# fact_messaging_accumulating

### Importación de librerías

In [None]:
import yaml
import pandas as pd
from sqlalchemy import create_engine
from datetime import datetime, timedelta

### Conexión a base y bodega de datos

In [None]:
with open('../config.yaml') as f:
    config = yaml.safe_load(f)
    configSource = config['source']
    configDestination = config['destination']

urlSource = f"{configSource['driver']}://{configSource['user']}:{configSource['password']}@{configSource['host']}:{configSource['port']}/{configSource['db']}"
urlDestination = f"{configDestination['driver']}://{configDestination['user']}:{configDestination['password']}@{configDestination['host']}:{configDestination['port']}/{configDestination['db']}"

engineSource = create_engine(urlSource)
engineDestination = create_engine(urlDestination)

### Extracción y transformación de datos

In [None]:
mensajeria_estadosservicio = pd.read_sql_table('mensajeria_estadosservicio', engineSource)

mensajeria_estadosservicio.drop(columns=["foto", "observaciones", "es_prueba", "foto_binary"], inplace=True)
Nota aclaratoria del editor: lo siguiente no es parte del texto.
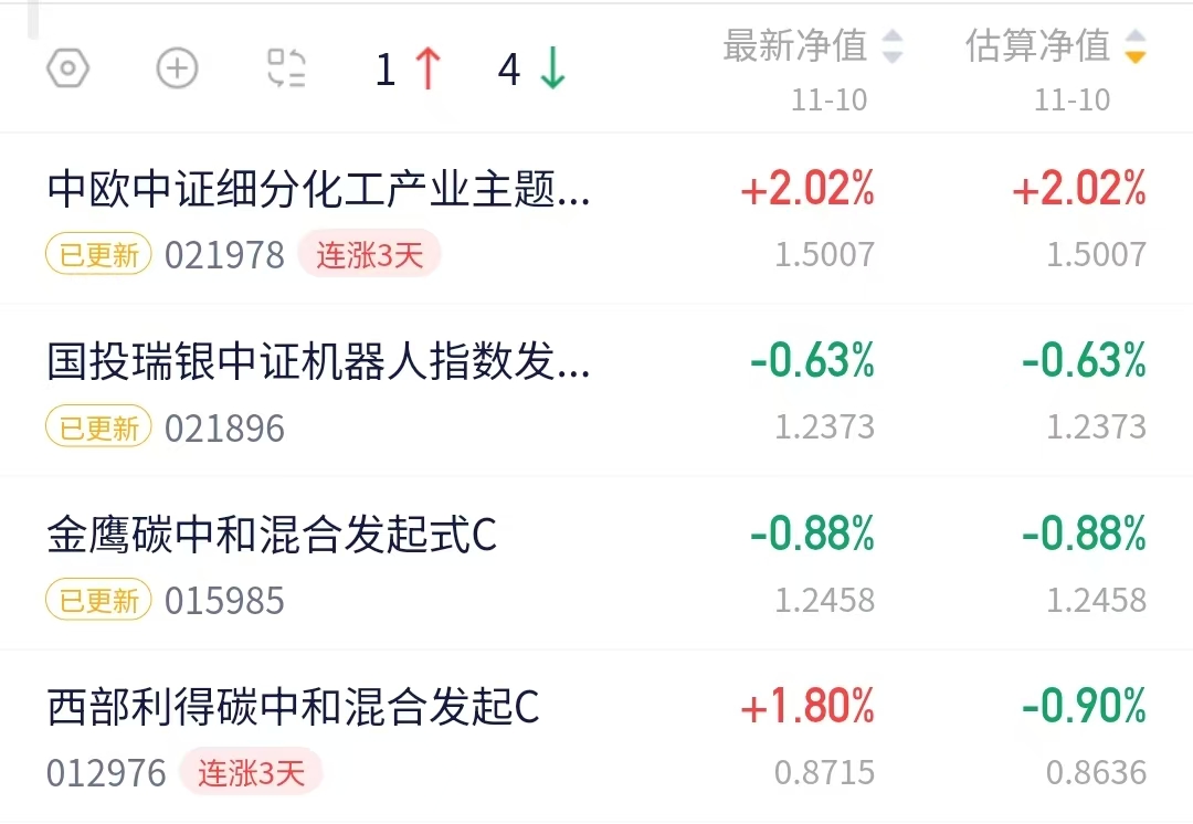 $中欧中证细分化工产业主题指数发起C(OTCFUND|021978)$逆势收涨2.02%,这一波反弹行情是时候上车化工板块了,详情页还有红包可用,爱了爱了~
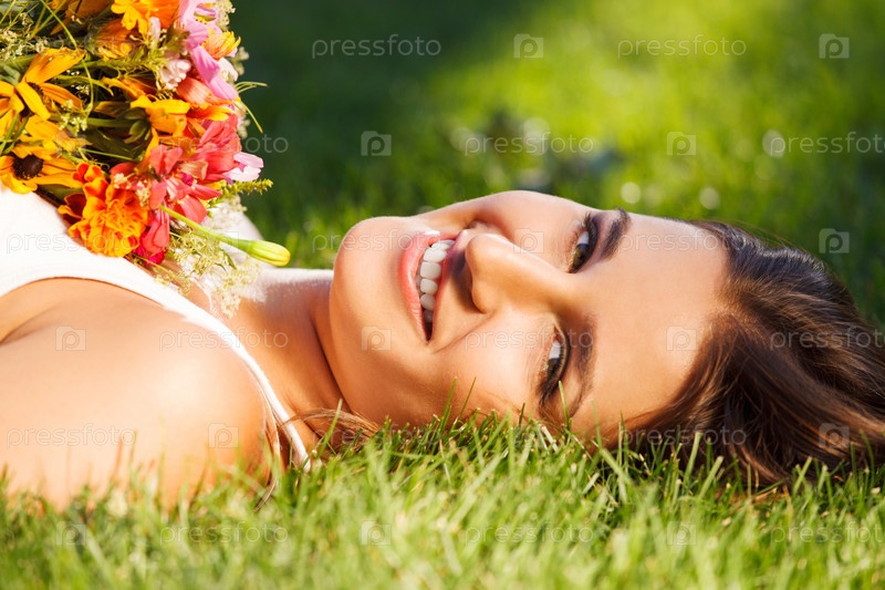 Красивая молодая девушка расслабляется на зеленой траве
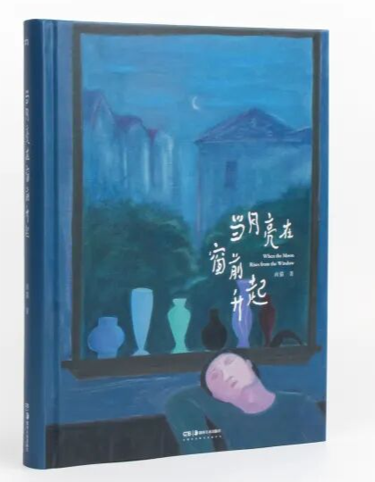 《當(dāng)月亮在窗前升起》是一本函套精裝書,函套材質(zhì)硬挺,書名采用燙白工藝,黑夜中的白色書名非常抓人眼球。函套上還有一個小設(shè)計,正上方像開了一扇窗一樣做了一個模切,隱約露出月亮,當(dāng)讀者從函套中取出書時,月亮便慢慢地從窗前升起,看到內(nèi)封的整張作品“月夜沉思”。
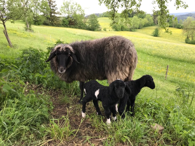 Ein paar Impressionen 17. Juli 2022 Hirmhof Landwirtschaft Die Pferde haben wir schweren herzens verkauftDie Blätter vom Ahornbaum gehen bald aufRosa und Sieglinde geniessen ihren AuslaufJedes unserer Mutterschafe hat Zwillinge bekommen!
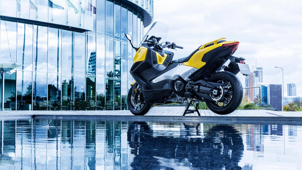 Afin de rendre hommage au premier modèle, le nouveau TMAX sera disponible en coloris Extreme Yellow. Cette couleur audacieuse sera toujours associée à la première version et elle symbolise à la perfection l’esprit dynamique et joueur du scooter numéro un en Europe. Également disponible en Icon Blue et Sword Grey.
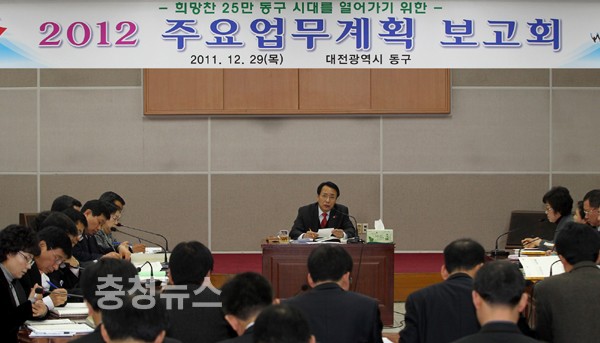 대전 동구는 한현택 동구청장을 비롯해 담당이상 간부공무원 120여명이 참석한 가운데 29일 구청 대회의실에서 ‘2012년 주요업무계획 보고회’를 개최했다.
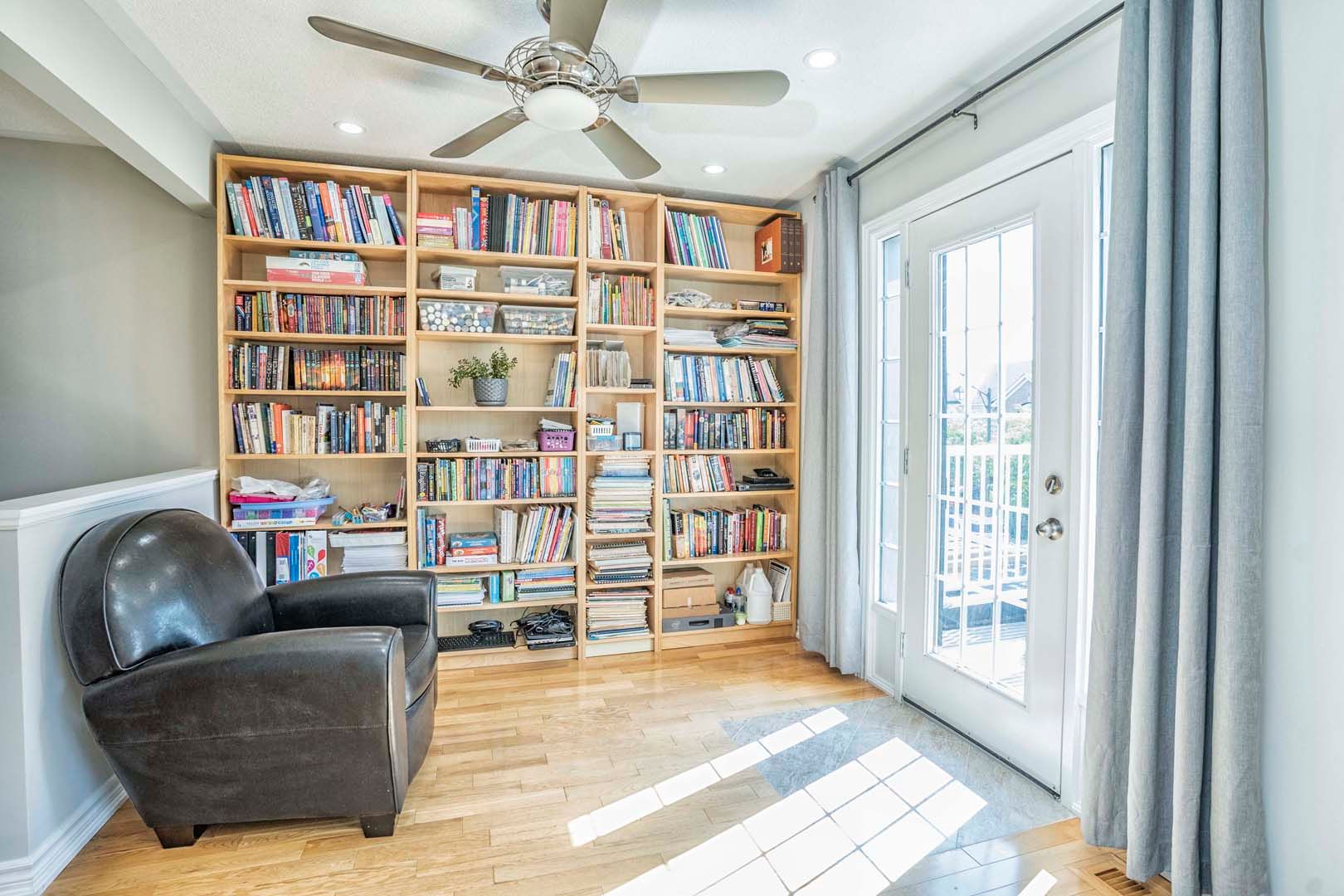 B/I Bookcase Hardwood Floor W/O To Balcony
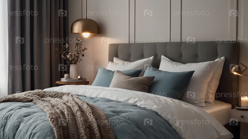 Интерьер современного дома. Минималистичный уютный интерьер спальни с изголовьем, постельным бельем, подушками и прикроватным столом
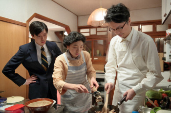 連続テレビ小説「まんぷく」第140話。まんぷくヌードルの具材となる肉を作る福子(安藤さくら)と萬平(長谷川博己)(C)NHK
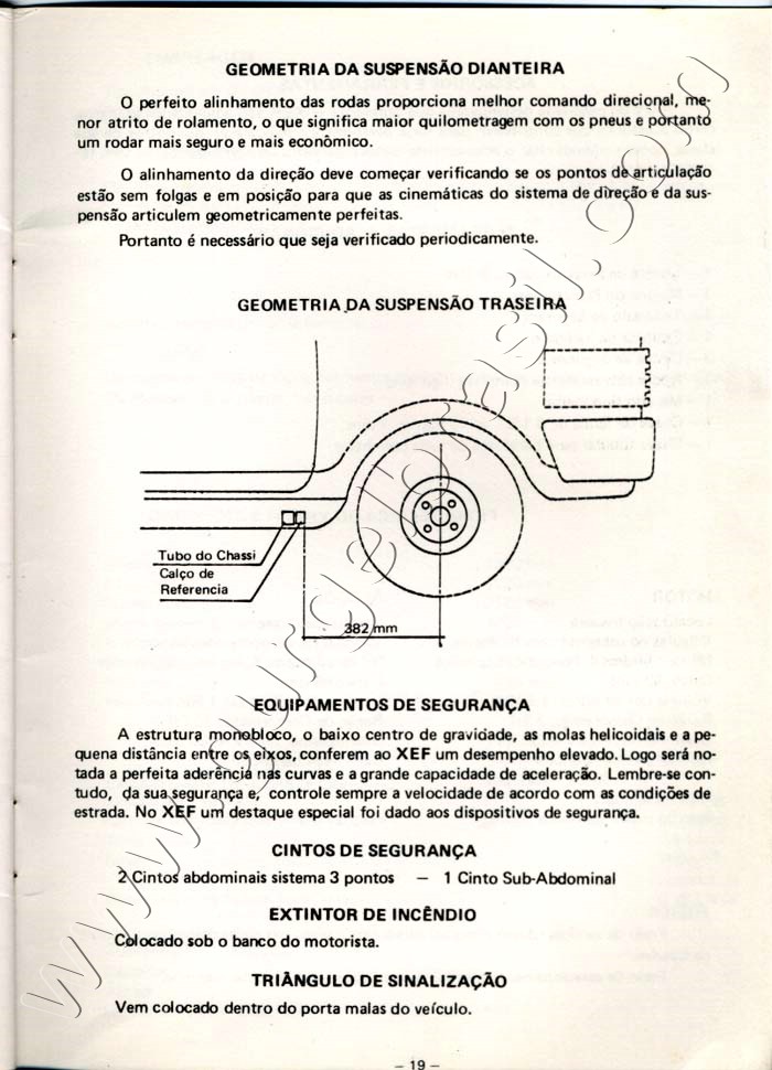 apresenta: -Manual do Proprietário XEF -1986 Página 19
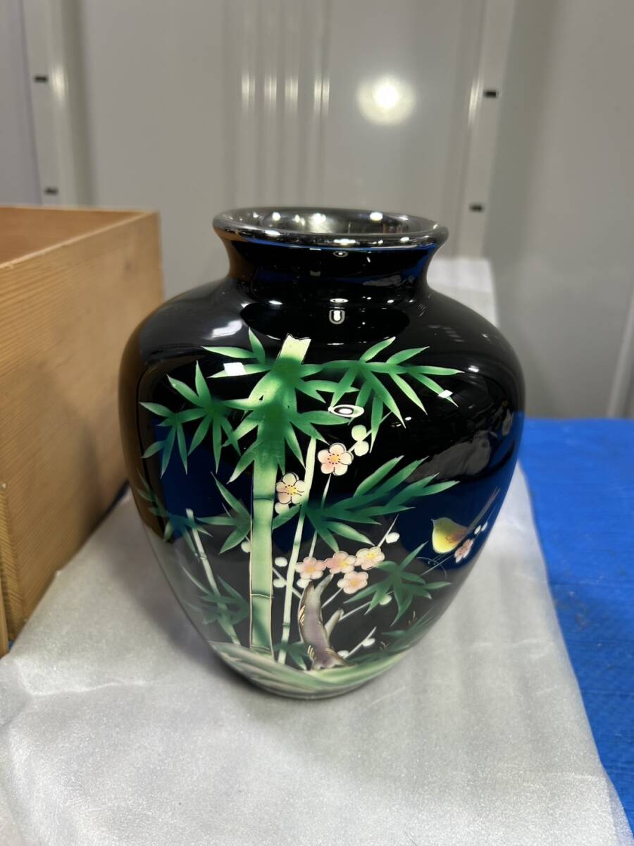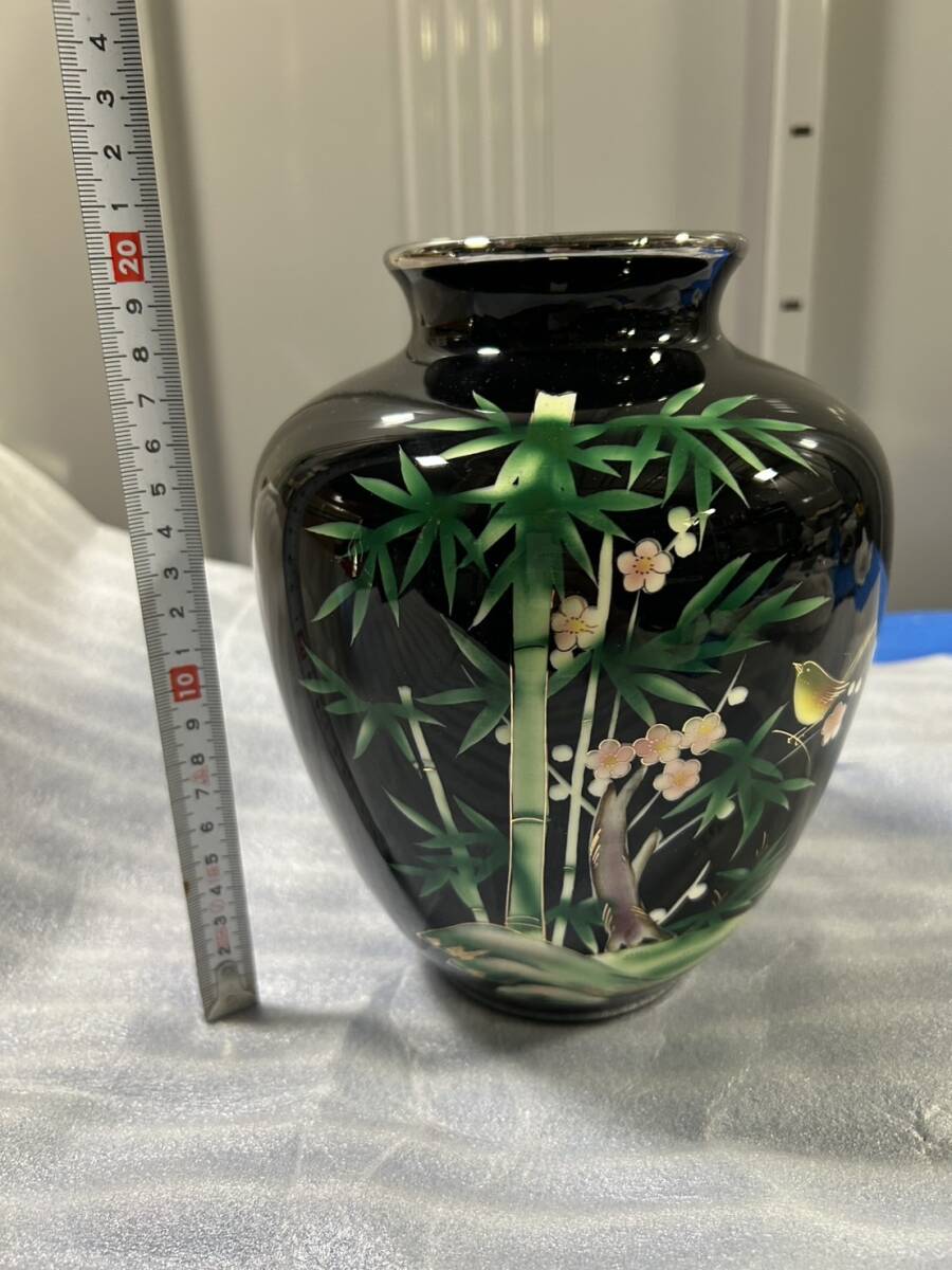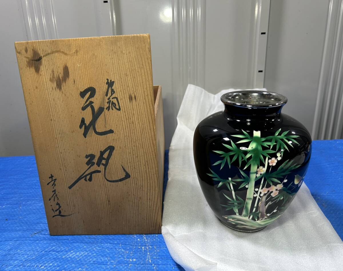 【希少価値品 書道先生放出品】七宝焼 黒翠 陶七宝 花瓶 昭和レトロ 壺 花入 生け花
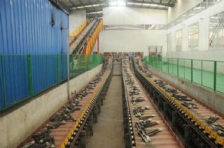 赵学栋介绍,铸造行业的脏乱主要来自翻砂工艺,大量用砂使得工作环境条件难以达标。现在升级改造,使用国内一流的自动化砂处理生产线,实现了铸造砂的循环使用,车间遍地河砂,乱堆乱放的状况再也不见了。就连铸件上的附着砂,在输送线上也能实现全封闭处理。
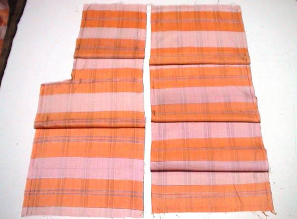 着物はぎれ(古布)人絹織物羽裏地 オレンジ (36x177,25x55cm)
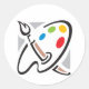 Painting is a lovely art form and this design is perfect for the painter. This design is a painters palette with four colours on it and a painters brush. It is a very arty design. This painters palette design looks great on these stickers. Perfect for yourself or as a gift
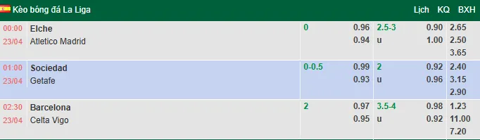 Cả 6 trận đối đầu gần đây giữa hai đội tại La Liga đều khép lại mà không có quá 2 bàn thắng. Hai trận gần nhất của Elche đều có tỷ số 1-0. Xỉu được xem là lựa chọn tối ưu ở trận đấu này.
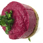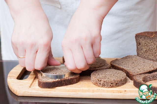 Свекольное пюре должно немного схватиться, прежде чем выкладывать его на хлеб, поэтому вырежьте пока круглые заготовки из ржаного хлеба.
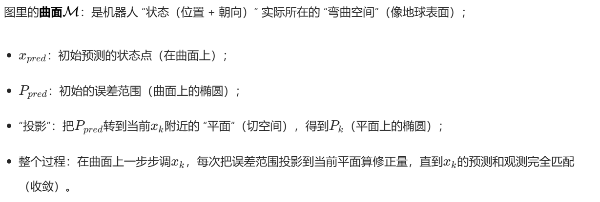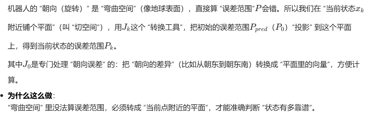 但这里有个麻烦:机器人的 "朝向(旋转)" 不是 "平坦的平面"(比如朝东→朝东南不是简单的加法),而是 "弯曲的空间"(像地球表面,走直线其实是曲线)。所以 "状态的误差范围" 不能直接算,得做特殊处理 ------ 这就是下面要解决的核心问题。(好难看不懂)
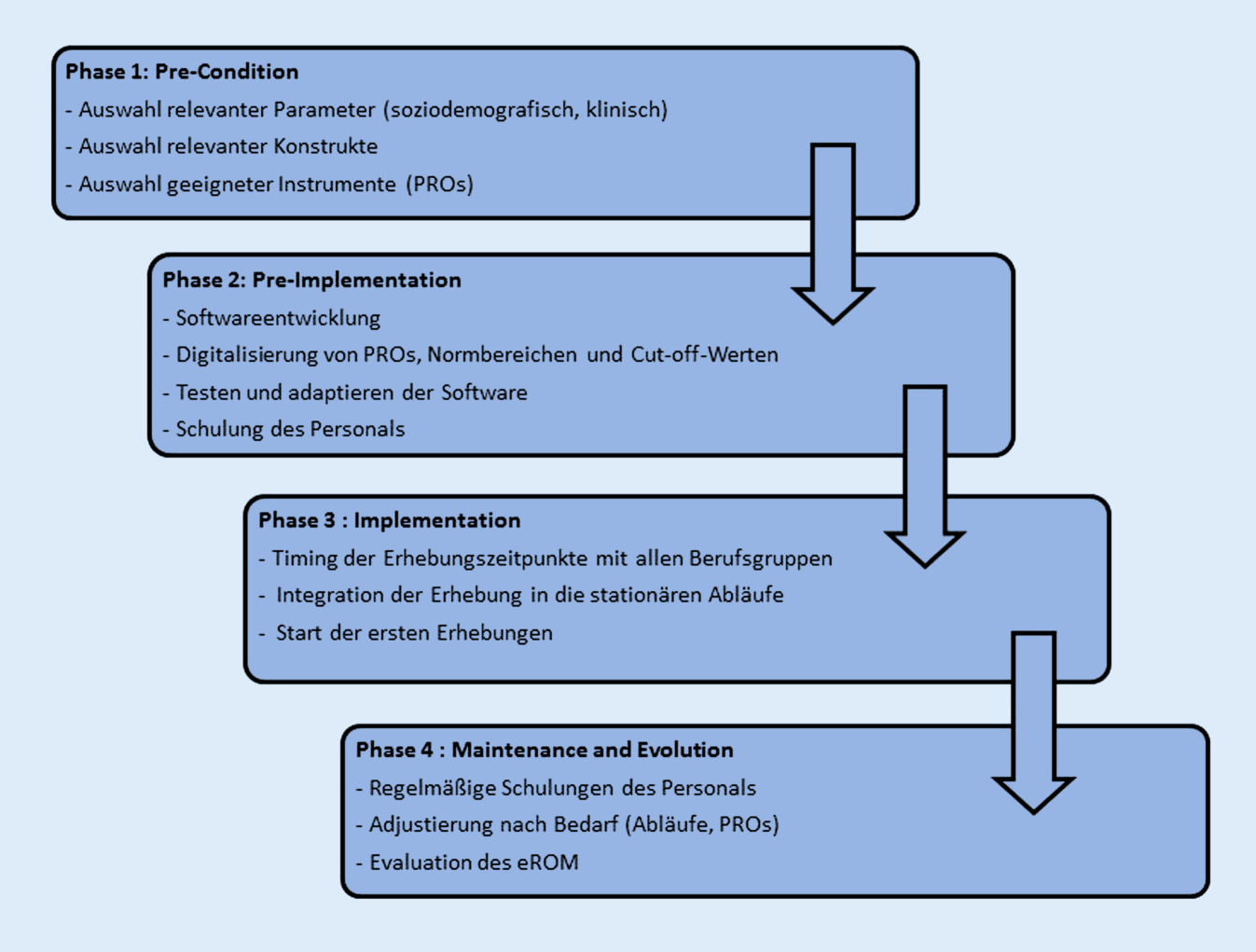 Ablaufplan der eROM-Implementierung. eROM elektronisches Routine-Outcome-Monitoring, PROs Selbstberichte von Patienten („patient-reported outcomes“)
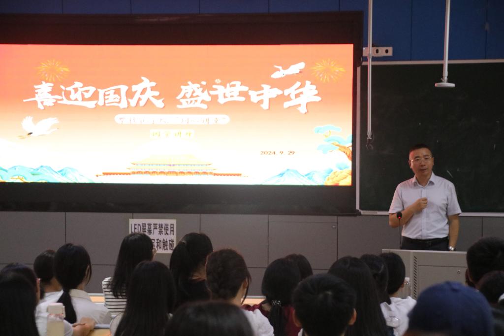 本次讲座突出“盛世中华●喜迎国庆”节日氛围,主题为《向中国智圣学习沟通智慧》。讲座由康养学院党委书记林伟主持,由中国先秦史学会分会副会长、农工党beat365英国官网网站总支主委、康养学院副院长冯奇主讲,康养学院200余名师生参加讲座。

def llenar_fecha_y_hora(mensajeria_estadosservicio, biblioteca_de_servicios_y_registros, servicio_id, index, dateDW, timeDW):
    dateDB = mensajeria_estadosservicio.iloc[index, 1].strftime("%Y-%m-%d")
    timeDB = mensajeria_estadosservicio.iloc[index, 2].strftime('%H:%M')
    
    biblioteca_de_servicios_y_registros[servicio_id][dateDW] = dateDB
    biblioteca_de_servicios_y_registros[servicio_id][timeDW] = timeDB
        


def llenar_duracion(biblioteca_de_servicios_y_registros, servicio_id, date1, time1, date2, time2, duration):
    datea = biblioteca_de_servicios_y_registros[servicio_id][date1]
    timea = biblioteca_de_servicios_y_registros[servicio_id][time1]

    dateb = biblioteca_de_servicios_y_registros[servicio_id][date2]
    timeb = biblioteca_de_servicios_y_registros[servicio_id][time2]

    if datea and timea and dateb and timeb:
    
        datetimea = datetime.strptime(f"{datea} {timea}", "%Y-%m-%d %H:%M")
        datetimeb = datetime.strptime(f"{dateb} {timeb}", "%Y-%m-%d %H:%M")

        duration_in_minutes = (datetimeb - datetimea).total_seconds() / 60
    
        biblioteca_de_servicios_y_registros[servicio_id][duration] = duration_in_minutes



biblioteca_de_servicios_y_registros = {}

for index, row in mensajeria_estadosservicio.iterrows():
    servicio_id = mensajeria_estadosservicio.iloc[index, 4]
    estado_id = mensajeria_estadosservicio.iloc[index, 3]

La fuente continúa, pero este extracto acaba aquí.